Filed under food, quantum physics, translation

10 responses to ““pasta”

  1. I’d never thought of that, but you’re right. We have exchanged accents over the word “pasta”. I think the American is closer to the Italian, so I’m going to have to concede on this one.

  2. treeennner

    its almost as bad as a chicago accent!

  3. poren

    agreed…If the person starts to say pasta and there is potential that he or she could be about to say “panties” it’s not a good thing…I discovered the accent from knowing Duncan Peterson (how much do you miss Dunks??)-who in his defense, does make an excellent orecchiette dish which I have adapted and now claim as my own.

  4. yael

    Immediately give me this orecchiette recipe. Seriously.

  5. caitlin0210

    I just found your blog. Very clever! I also despise how the Brits say pasta and the fact that I am actually seeing Pasta Huts opening up around here.

  6. poren

    Ha ha. I may have talked it up too much. Like all my recipes soooo easy-so as a master chef, you may laugh at me. It is a cold pasta salad with orecchiette, broccoli (frozen), little balls of fresh mozzarella (or I like slices of Horizon brand string cheese), tomato, black olive circles, with olive oil and sea salt and pepper to taste. I think my “adaptation” was adding black olives so if you make it without it is a Duncan Peterson original.

    If you like the ease, I can follow up with my 5 ingredient recipe for sweet and sour cabbage soup. Commenting on your blog is sooo much better than working;)

  7. It’s odd to think that we’ve got pasta/paaasta that way round, and it’s the opposite when we come to ass/arse.

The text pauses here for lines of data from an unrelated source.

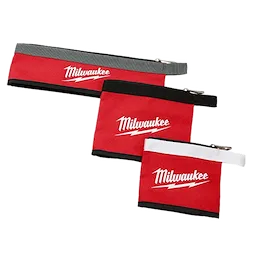 Our Multi-Size Zipper Pouches feature a breathable and durable No. 10 canvas construction and a rugged metal zipper make it Up to 2X More Durable for daily job site use. The 3 piece set includes 6", 8" and 14" zipper tool pouches. We designed the canvas tool bags for our electricians, carpenters, plumbers, and other core trades. They are ideal for storing electrical tape, bits, washers, screws, hand tools, and accessories. The weather-resistant standup base allows easy access to the pouch's interior while protecting their contents from water, dirt, and debris. We added a hanging loop to allow the pouches to be clipped or strung together or to other bags. Color ID bands on the top of the pouch help you identify the correct bag easily. This ensures you will have the tools and accessories you want whenever you need them.
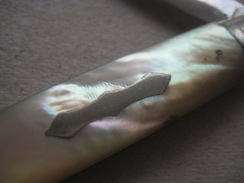 The mother of pearl handle is plain.
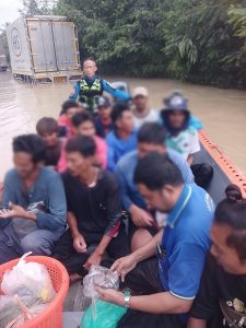เมื่อสักครู่ที่ผ่านมา หน่วยกู้ภัยมูลนิธิมิตรภาพสามัคคี (ท่งเซียเซี่ยงตึ๊ง) หาดใหญ่ ได้รับการ้องขอจนท.กู้ภัยเข้าช่วยเหลือคนงานติดค้างอยู่ที่บ่อเลี้ยงกุ้ง ในพื้นที่ ม.6 ต.คลองเปียะ อ.จะนะ จ.สงขลา ทั้งหมด 13 คน ซึ่งเป็นคนไทย 2 คน คนสัญชาติเมียนมาร์ 11 คน เบื้องต้นรับแจ้งว่าติดน้ำท่วมมา 2 วันแล้ว อาหารและน้ำดื่มที่กักตุนไว้ก็หมดเกลี้ยง ต่อมาเมื่อจนท.เดินทางมาถึง ก็ได้นำเรือท้องแบนเข้าไปช่วยเหลือนำออกมาได้อย่างปลอดภัย
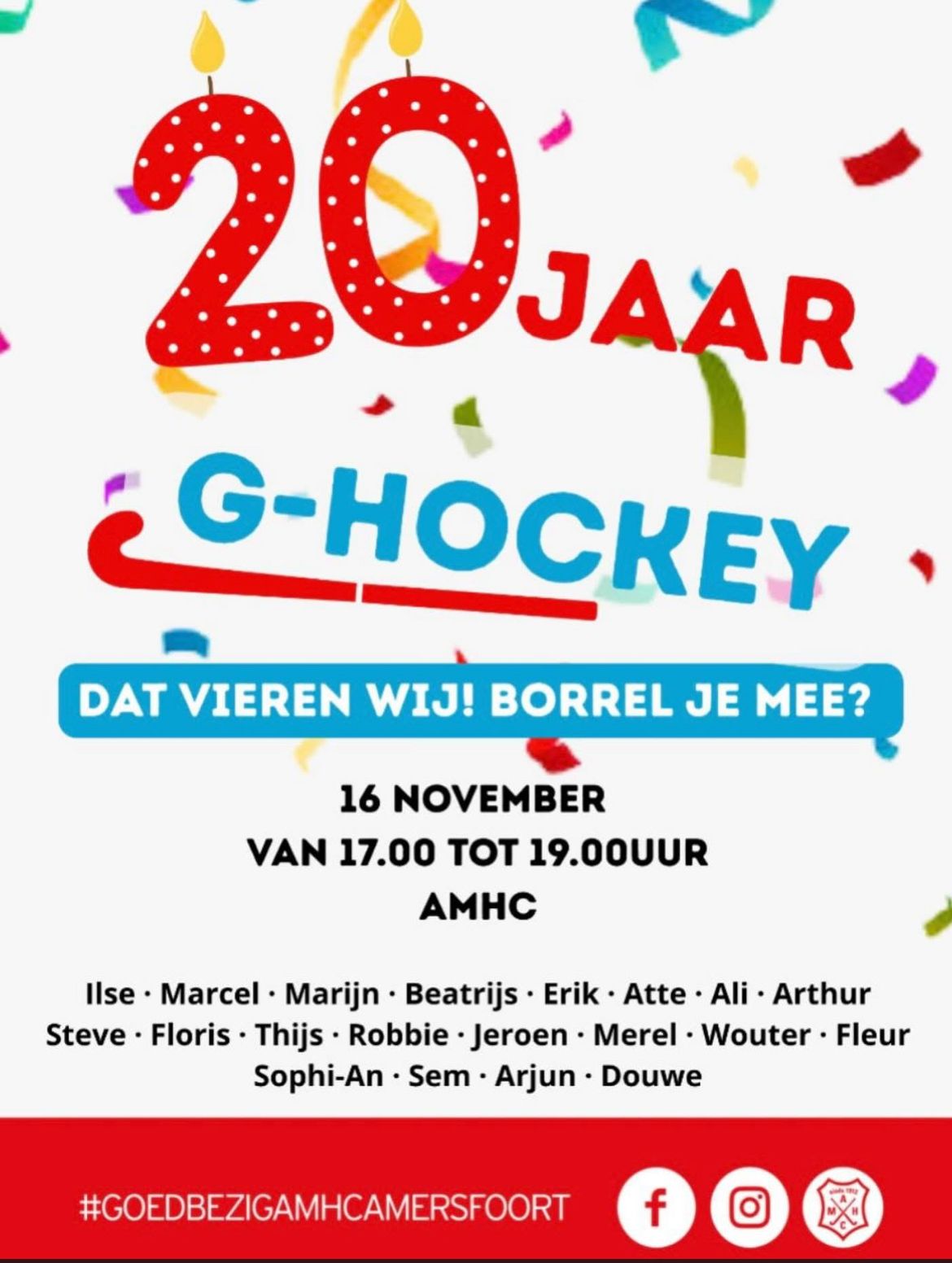 Op 16 november van 17.00 tot 19.00 uur vieren we het 20-jarig lustrumfeest van de G-hockeyres.
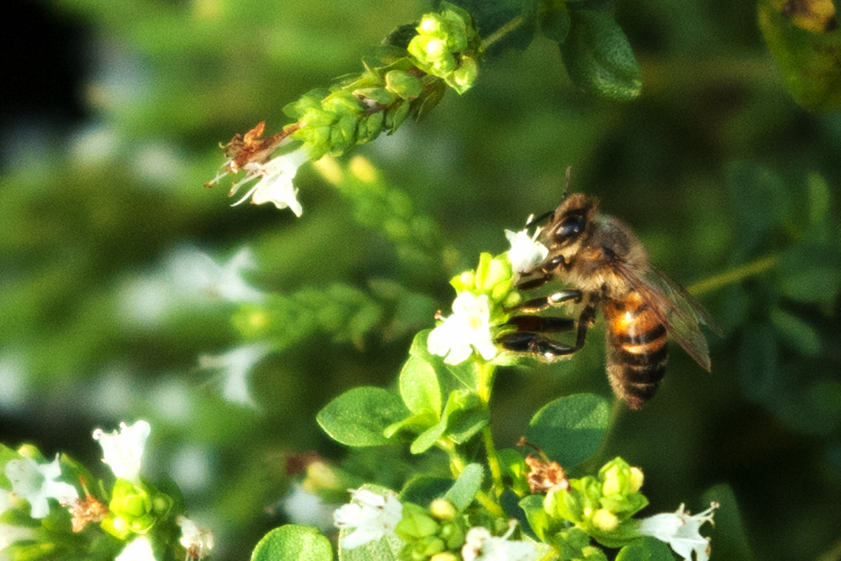 Our honeybees are busy gathering a last bit of pollen and nectar to get them through the winter ahead. One of the reasons I let Greek Oregano proliferate is it keep flowering right until hard frost, providing food for quite a few pollinator species.
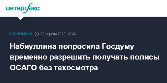 Москва. 28 апреля. INTERFAX.RU - Председатель Банка России Эльвира Набиуллина попросила депутатов Госдумы принять временный закон о возможности выдавать полис ОСАГО автомобилисту, не прошедшему техосмотр, при условии, что он представит диагностическую карту после снятия карантинных ограничений.
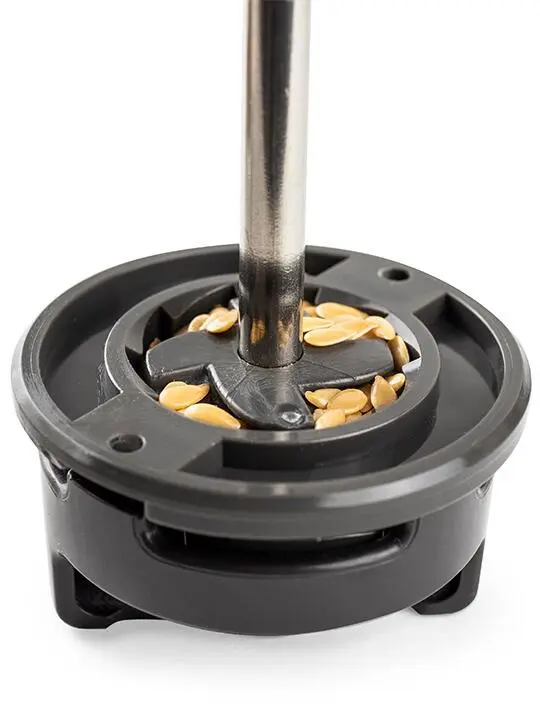 Um die Vorzüge der Samen genießen zu können, bietet Peugeot die manuelle Mühle Naka aus Holz an, deren patentiertes Mahlwerk speziell zum Mahlen von Lein- und Sesamsamen vorgesehen ist, da es sich an ihre Konsistenz und Härte anpasst. Das einfach und sehr schnell komplett ausbaubare Mahlwerk lässt sich gut reinigen. Diese Mühle mit abnehmbarer Kappe erlaubt ein schnelles Nachfüllen. Der beiliegende Dosierlöffel gestattet das Zumessen von 10 Gramm Leinsamen.
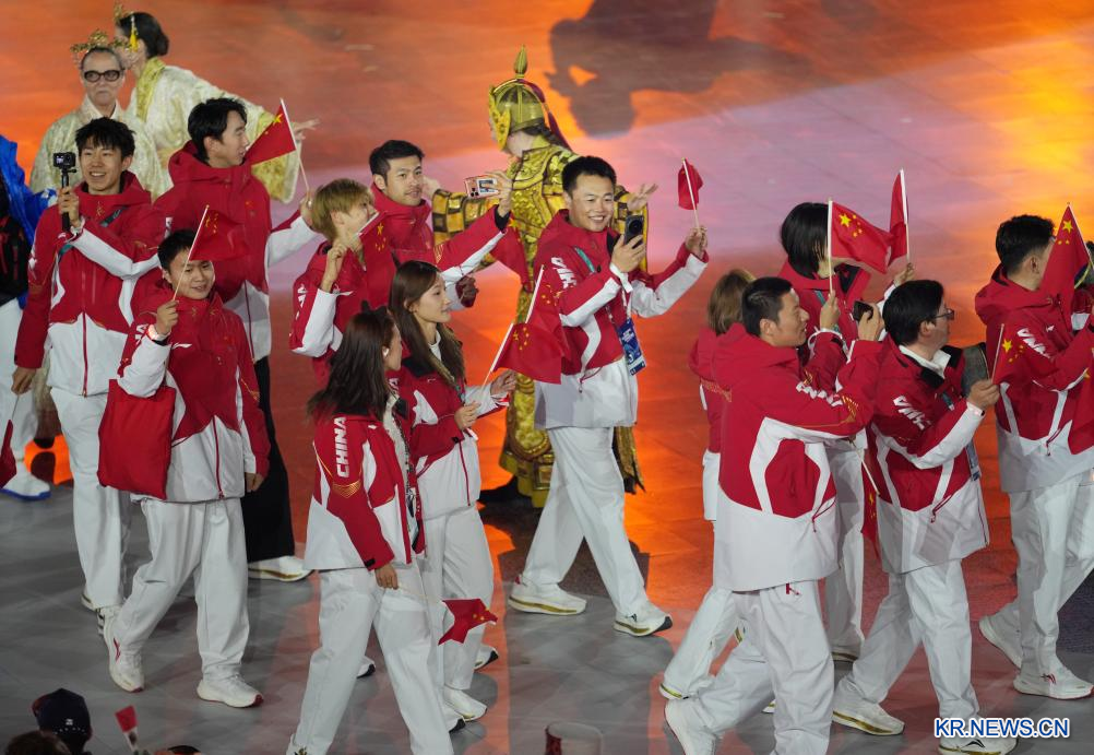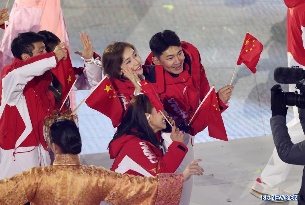 22일(현지시간) 열린 폐막식에서 중국 선수단 기수 쑤이밍((蘇翊鳴)이 입장하고 있다.
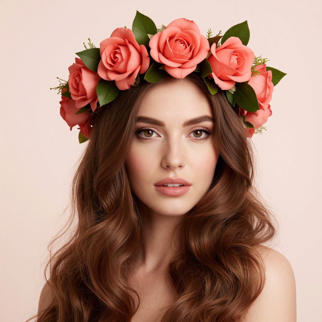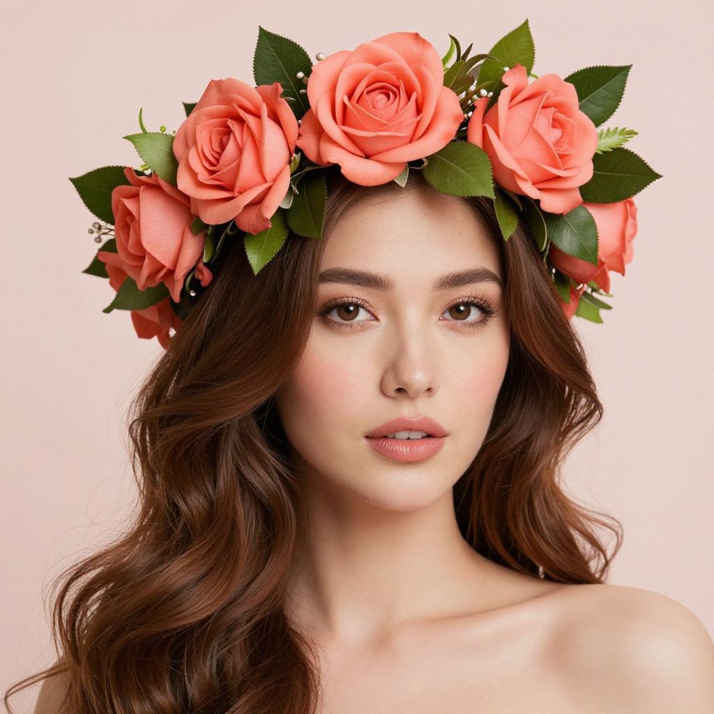 Woman adorned with a vibrant crown of coral roses and lush green leaves, her long brown hair cascading gracefully around her shoulders, set against a soft, pastel backdrop.
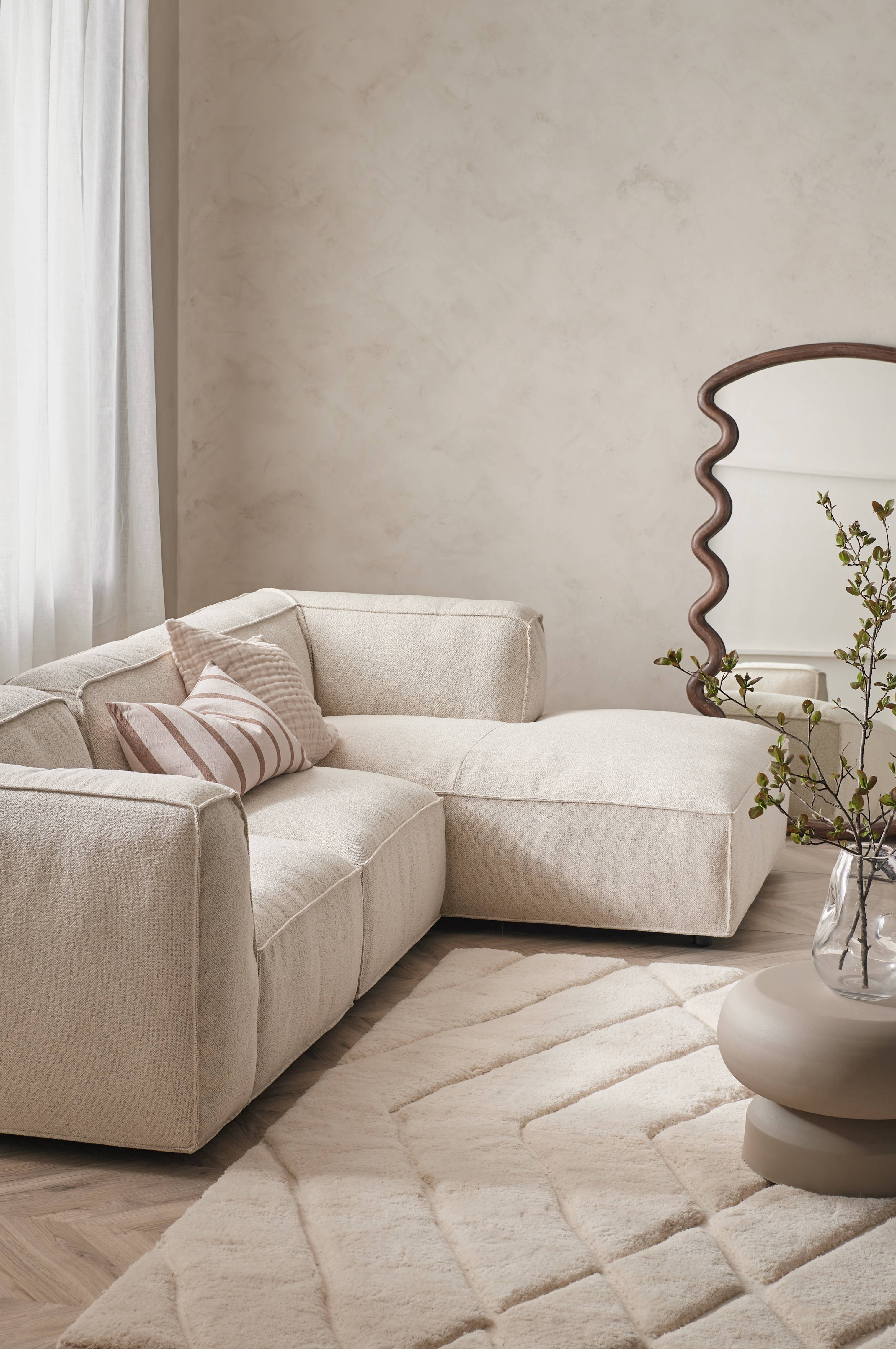 3:n istuttava sohva, jossa bukleeverhoilu. Divaaniosa oikealla (ei voi asentaa vasemmalle).
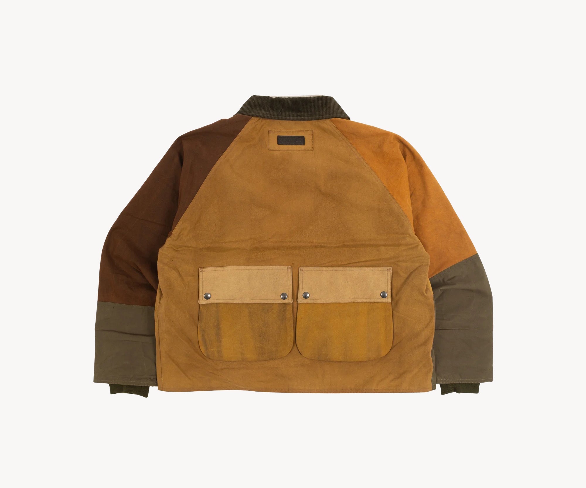 The REWORK® BARBOUR V5 is crafted from curated vintage Barbour and British Millerain dry waxed fabric in a patchwork style. Each jacket is one of a kind, made from vintage materials and quality hardware. To honor this legacy, all of our REWORK® BARBOUR V5 jackets are cut and sewn with vintage equipment in our atelier in Paris.
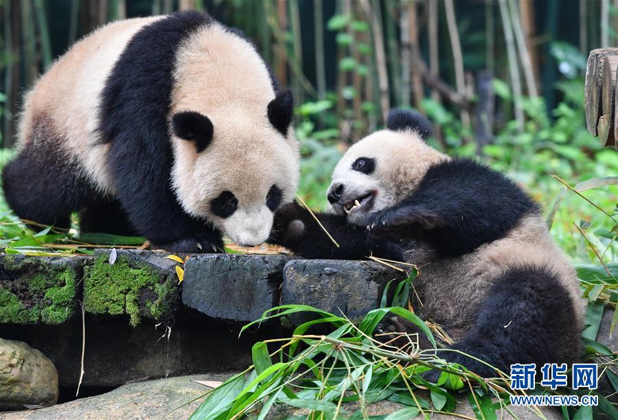 5月27日,大熊貓隆仔(左)突然出手,搶走婷仔的竹子。正在享受竹子大餐的廣州長(zhǎng)隆野生動(dòng)物世界大熊貓婷仔被大熊貓隆仔搶食,兩只大熊貓上演一場(chǎng)爭(zhēng)食戲碼。新華社記者劉大偉攝

  8. Pingback: search term alert: spaghetti « the part where we move to london

  9. Anna

    I believe the correct pronounciation is probably somewhere in between – I’ve certainly never heard an Italian say par-sta, and somehow to us Brits it sounds like an American trying to sound posh, which always makes us guffaw! In fact, pasta is probably one of the few words that we all pronounce in the same way in the UK. I’m puzzled by this ‘Haeche R’ thing, as normally only people from Essex or the Midlands, say, actually voice the H. And you can rest assured, you will never hear a single one of us refer to our ‘panties’ (or is it ‘parn-tees’)!